>>
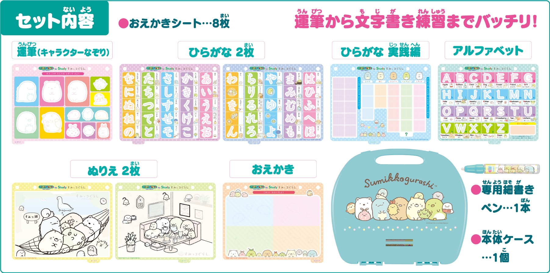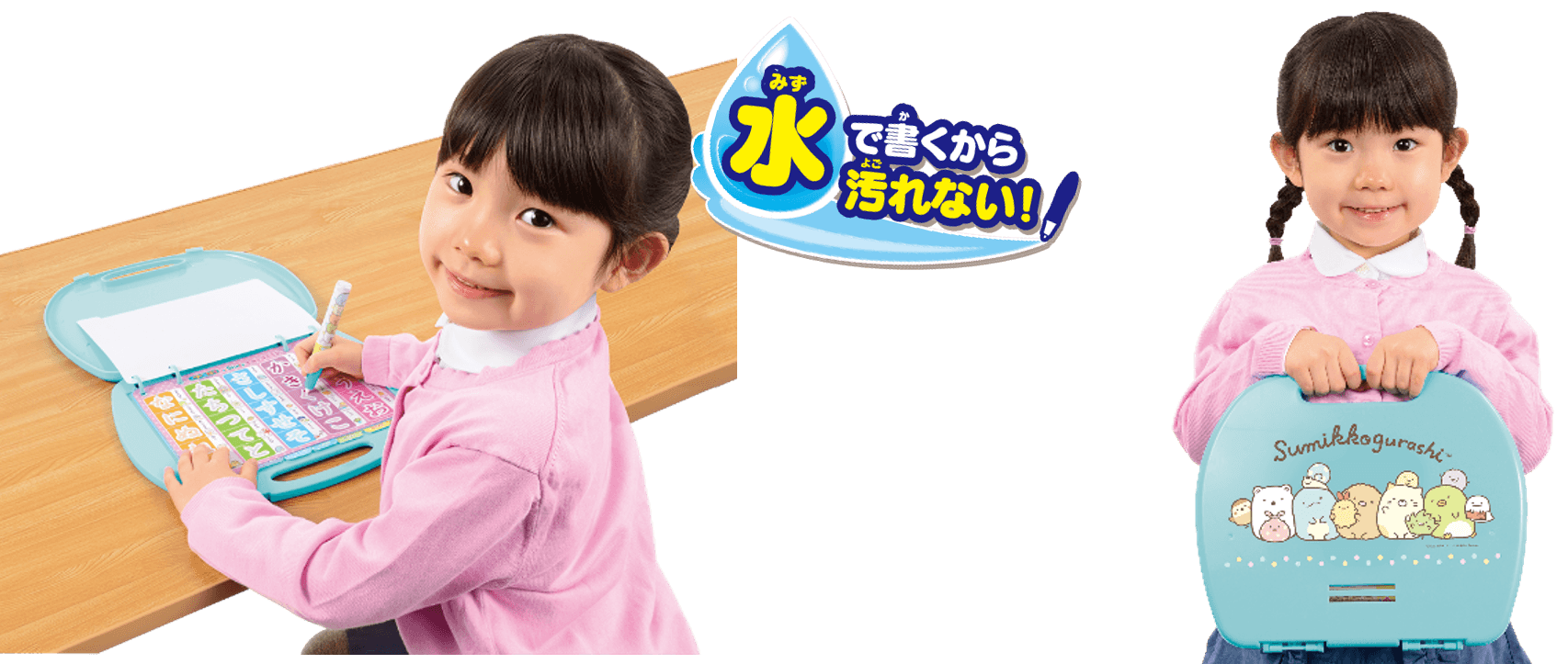 「スイスイおえかき for Study」から人気キャラクター「すみっコぐらし」のデザインを使用した「はじめてのお勉強バッグ~楽しく入学準備~ひらがな・ABC・おえかき・ぬりえ」が新しく登場。専用の細書きペンに水道水を入れて準備完了。ひらがな・カタカナ・すうじ・ABCのれんしゅうボードをなぞってお勉強ができます。水で書くので、服や手を汚すことがなく、乾かせば何回でも練習できます。持ち運ぶこともできるので、どこでもお手軽にお勉強ができます。
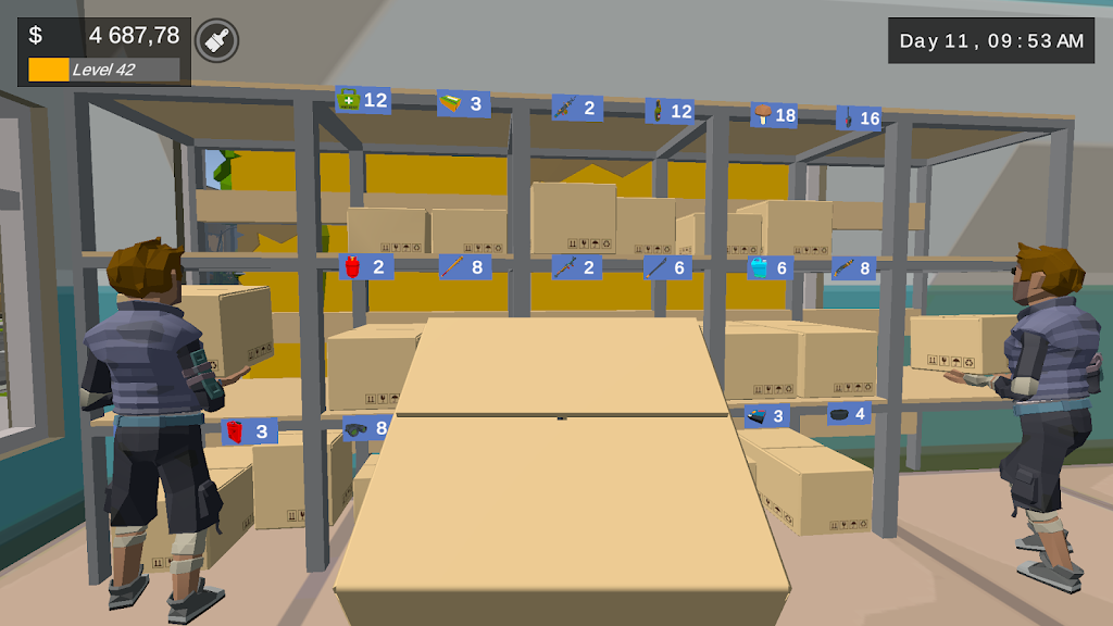 扩张领地: 从一个满是灰尘的小房间开始,购买新空间,将你的商店扩展成一个巨大的超级中心。
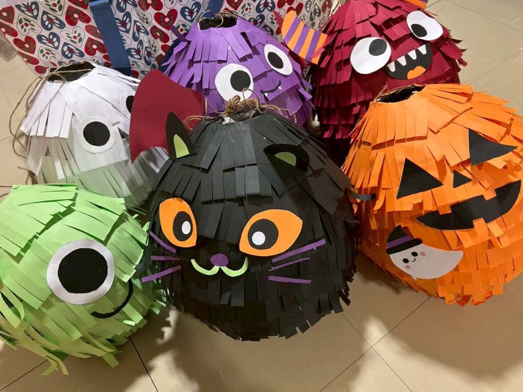 ピニャータでは、保護者の方が本気で手作りしてくださった作品に一同驚愕!その完成度の高さには「割ってしまうのがもったいない!」という声が上がるほどでした。でも、中からお菓子が出てくると子供たちは大歓声!小さな子から順番に挑戦し、みんなで協力してついに中身をゲットしました。
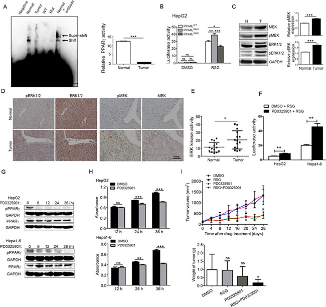 Figure 2: Phosphorylation of PPARγ up-regulated by MEK/ERK kinase increases the proliferation of HCC. (A) PPARγ transcriptional activity in normal liver and hepatocyte carcinoma measured by EMSA; Normal, Normal liver tissue; tumour, tumour liver tissue; Negative, without oligonucleotides control; Mut, Biotin end-Labeled mutant; WT, cold competitor. (B) PPARγ transcriptional activity in hepG2 cell overexpressing PPARγWT, PPARγSA and PPARγSD measured by luciferase reporter with/without RSG. (C) Phosphorylation level of ERK and MEK in tumour and normal liver tissue by western blot. (D) Phosphorylation level of ERK and MEK in tumour and normal liver tissue by immunostaining. (E) ERK kinase activity in tumour and normal liver tissue is measured by ERK kinase activity kits. (F) PPARγ transcriptional activity was measured in HepG2 and Hepa1-6 treated with PD0325901 for 12 hrs using luciferase reporter gene assay. (G) the expression of p-PPARγ and PPARγ in HepG2 and Hepa1-6 treated with PD325901 for 0, 6, 12, 24, and 36 hrs separately. (H) Proliferation of HepG2 and Hepa1-6 treated with or without PD0325901. (I) Tumour growth curve of mice treated with DMSO, RSG only, PD0325901 only, or RGS+ PD0325901.
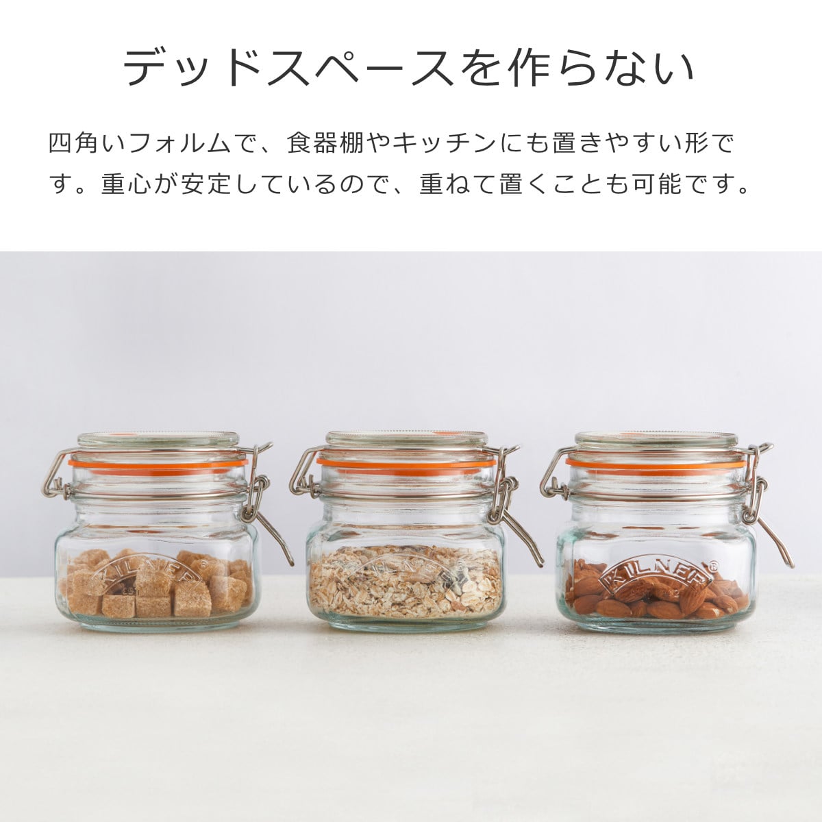 KILNERの保存瓶は、食材や用途に合わせて選べる豊富なサイズ展開です。単体での使用はもちろん、種類別で複数使いすれば、キッチンが整って統一した空間が生まれます。
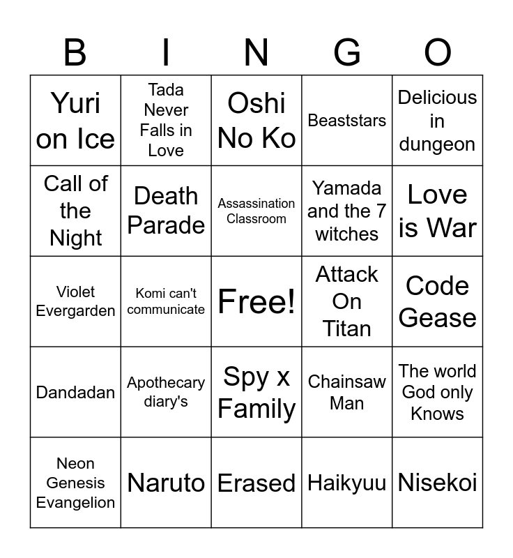 This bingo card has a free space and 30 words: Naruto, Vinland Saga, Komi can't communicate, Horimiya, Yuri on Ice, Oshi No Ko, Death Parade, Spy x Family, Attack On Titan, Erased, Code Gease, Nisekoi, Haikyuu, Your Lie in April, Love is War, Jojo, Chainsaw Man, Dandadan, Apothecary diary's, Delicious in dungeon, Violet Evergarden, Anohana, Tada Never Falls in Love, Yamada and the 7 witches, Call of the Night, Beaststars, The world God only Knows, Neon Genesis Evangelion, Assassination Classroom and Yugioh.
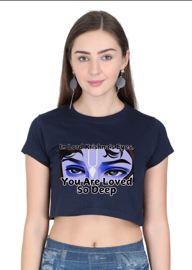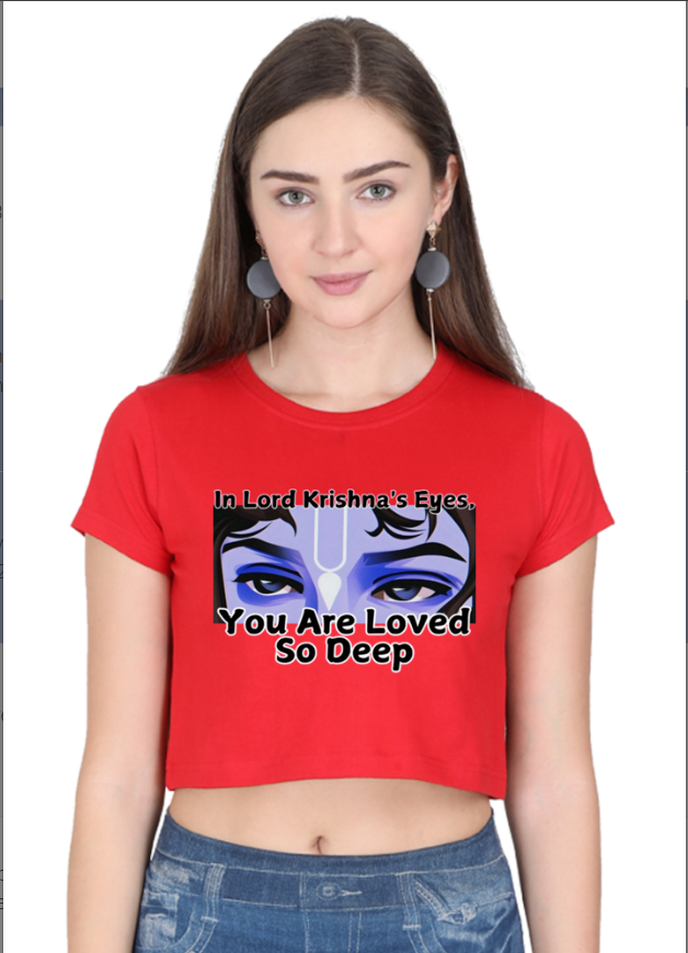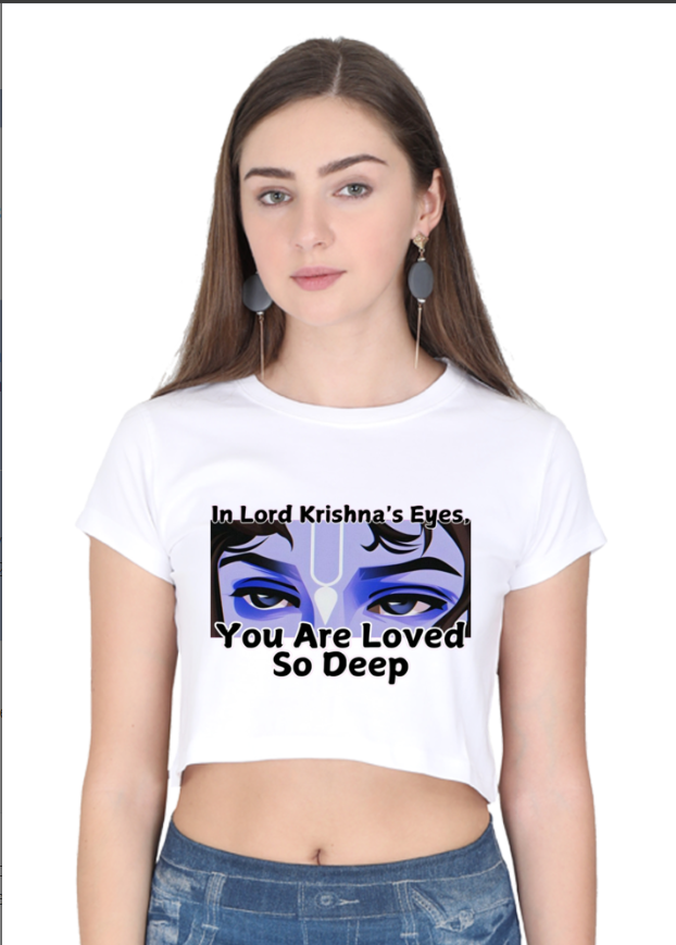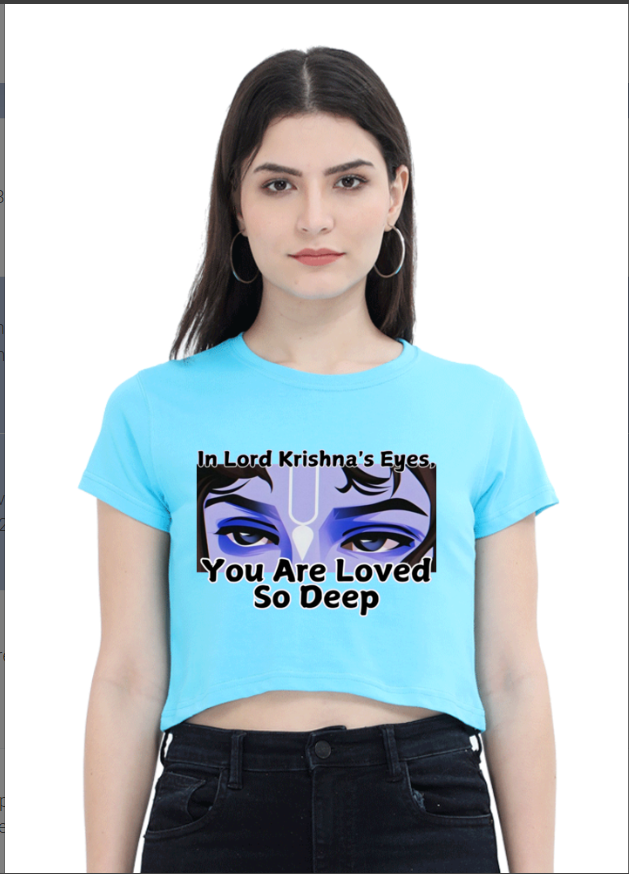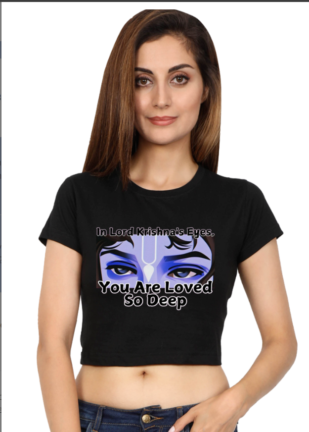 Let the enchanting gaze of Krishna’s eyes speak volumes with this uniquely designed crop top. Featuring a mesmerizing, artistic interpretation of Lord Krishna’s iconic eyes, this top captures both the wisdom and mysticism associated with the divine figure. Crafted from soft, breathable fabric, it combines comfort with style, making it perfect for daily wear or special occasions. Whether you’re attending a spiritual event, looking to add a spiritual touch to your wardrobe, or simply want to honor the profound symbolism of Krishna’s eyes, this crop top is a must-have for those who appreciate the beauty of divine design.
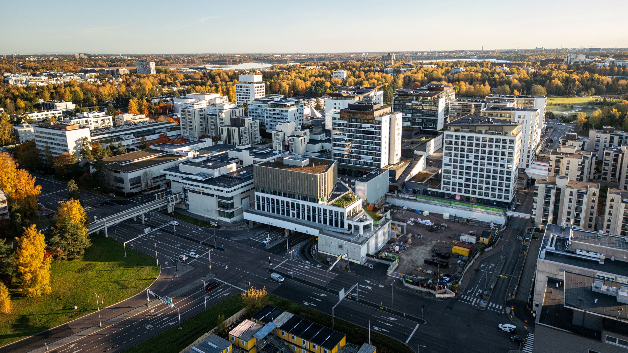 If you arrive by bus, the right stop is at the Tapiola bus terminal (platforms 1-7). First, walk towards Tapiola metro station. When you see the escalators leading to the metro, turn right. Follow the signs for door B and Sammonsilta. Go up all the escalators. When you come out after the escalators to Sammonsilta (also known as Merituulentori), the Tuultenristi building is on the edge of it.
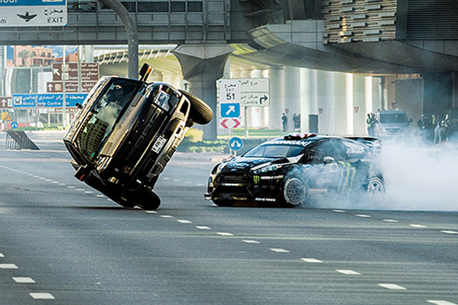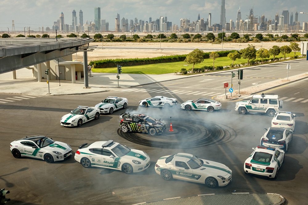 El tuit que publicó el piloto ya dejó claro que se ha trasladado hasta Dubai para grabar su nuevo trabajo. En la imagen que acompañaba esa la publicación nos adelantaba que aparecerían en el vídeo algunos de los deportivos que forman la flota de coches de la Policía de Dubai y, efectivamente, así ha sido. Para la ocasión, Ken Block utiliza un Ford Fiesta ST RX43 de nada más y nada menos que 650 CV de potencia, un vehículo radical pero que quizá no es tan espectacular como el Hoonicorn_RTR utilizado en la Gymkhana SEVEN.
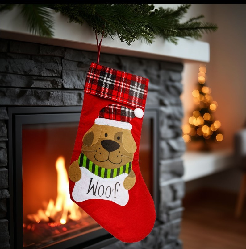Șosetă decorativă pentru animale – model câine – roșu/negru – 42 x 24 cm
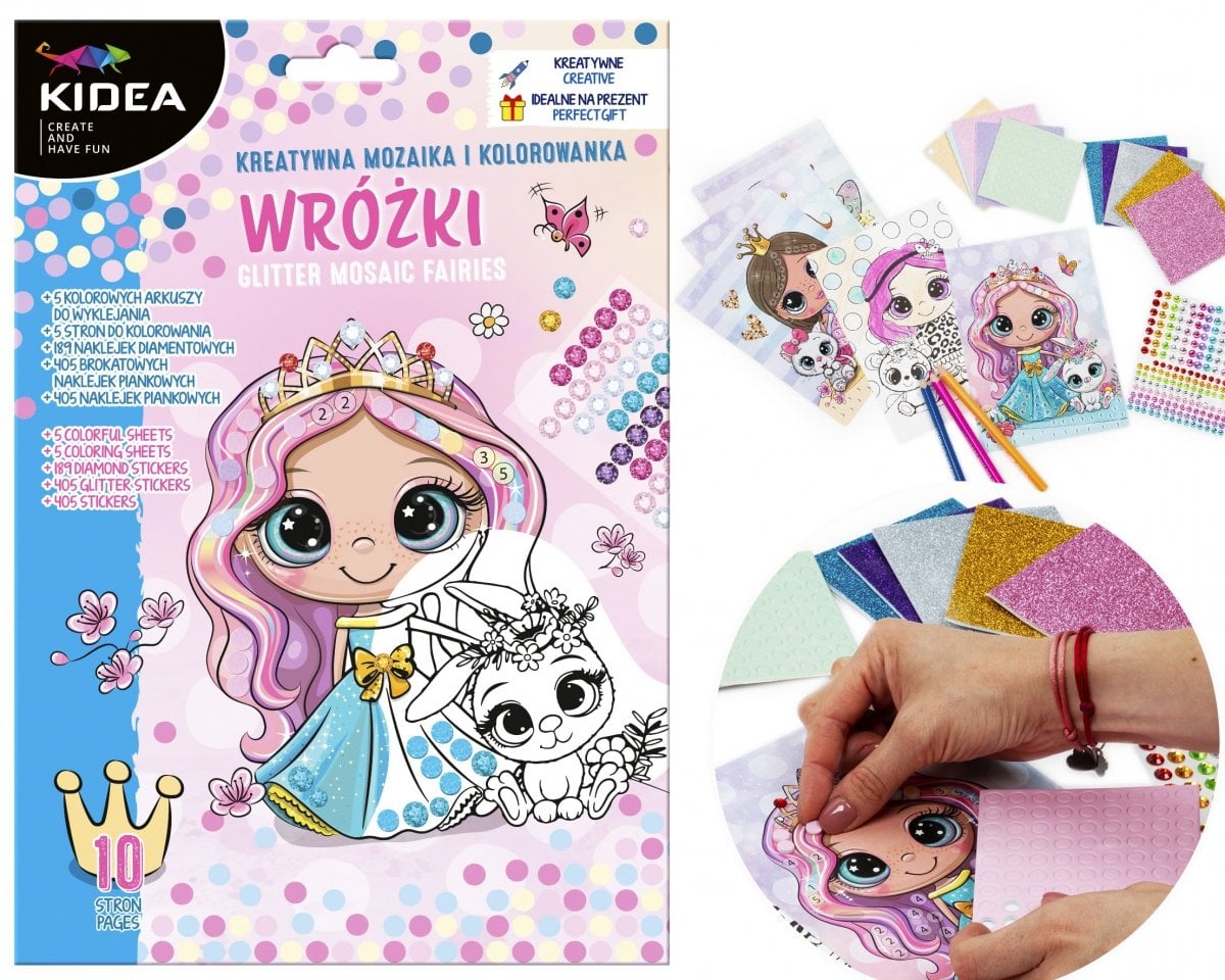 Transformă timpul de joacă într-o aventură creativă cu Cartea de Colorat cu Stickere și Diamante Zâne de la KIDEA. Imaginația copilului tău va prinde viață prin crearea unor opere de artă unice și strălucitoare!
<<
**Problem requirements:**
All lines from the first in the listing above to the line containing "ピニャータでは、保護者の方が", inclusive, go in the output exactly as they are; no pictures go in.

**Exercise output:**
 「スイスイおえかき for Study」から人気キャラクター「すみっコぐらし」のデザインを使用した「はじめてのお勉強バッグ~楽しく入学準備~ひらがな・ABC・おえかき・ぬりえ」が新しく登場。専用の細書きペンに水道水を入れて準備完了。ひらがな・カタカナ・すうじ・ABCのれんしゅうボードをなぞってお勉強ができます。水で書くので、服や手を汚すことがなく、乾かせば何回でも練習できます。持ち運ぶこともできるので、どこでもお手軽にお勉強ができます。
 扩张领地: 从一个满是灰尘的小房间开始,购买新空间,将你的商店扩展成一个巨大的超级中心。
 ピニャータでは、保護者の方が本気で手作りしてくださった作品に一同驚愕!その完成度の高さには「割ってしまうのがもったいない!」という声が上がるほどでした。でも、中からお菓子が出てくると子供たちは大歓声!小さな子から順番に挑戦し、みんなで協力してついに中身をゲットしました。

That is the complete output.